Wednesday, August 5, 2009

embarrassment ensues

True Story. This only happened a matter of minutes ago, so I'm going to furiously type, as to accurately recall the series of events.

Took Gabe into see his pediatrician for his 4 year old wellness check this morning. After the physical examination, the doctor (who has no sense of humor or much of a personality whatsoever) hands Gabe a pen and asks him to draw a picture of his mom. I guess this exercise somehow measures his development...whatever. Anyway, Gabe says, "ummm, this pen is actually too heavy for me" and hands the pen back to him. The doctor reassures him that the pen isn't too heavy and could he please just draw the picture. Gabe sighs and gets started. He draws my eyes, my nose, my lips, my hair and my toe nails.

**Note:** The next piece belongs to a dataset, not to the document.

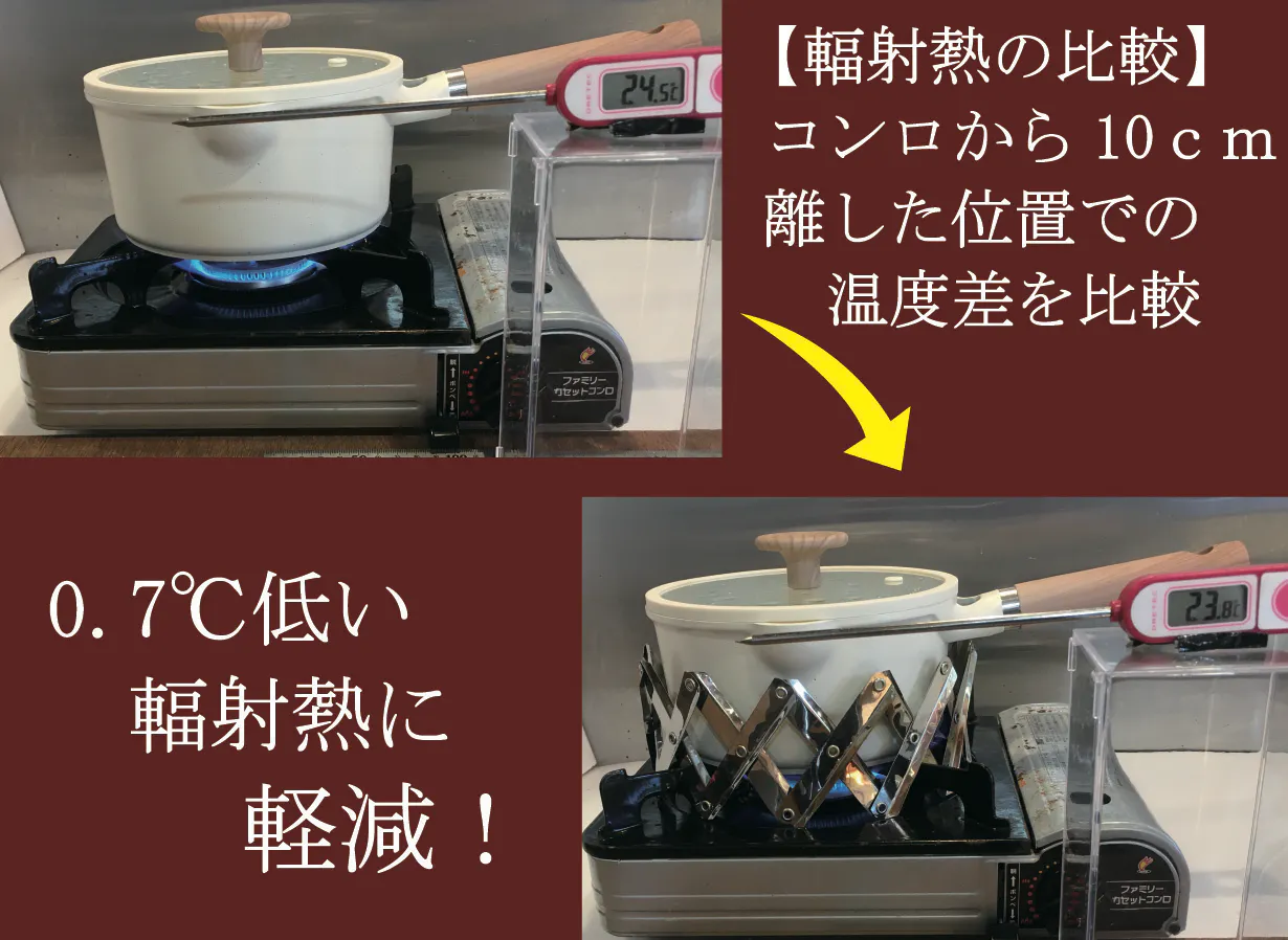 【実験①】コンロから10cmの位置での放熱を比較

Then he says to me, "What else should I draw, mommy"? I tell him to draw whatever he wants. To which he immediately replies, "Then I'm going to draw your big pee pee and your boobies". I turned 3 shades of red and buried my head in my lap. I peek up at the doctor, expecting him to be giggling. Oh no. No smile, no smirk...nothing. He was scribbling something in Gabe's file, probably indicating that my son is a perv.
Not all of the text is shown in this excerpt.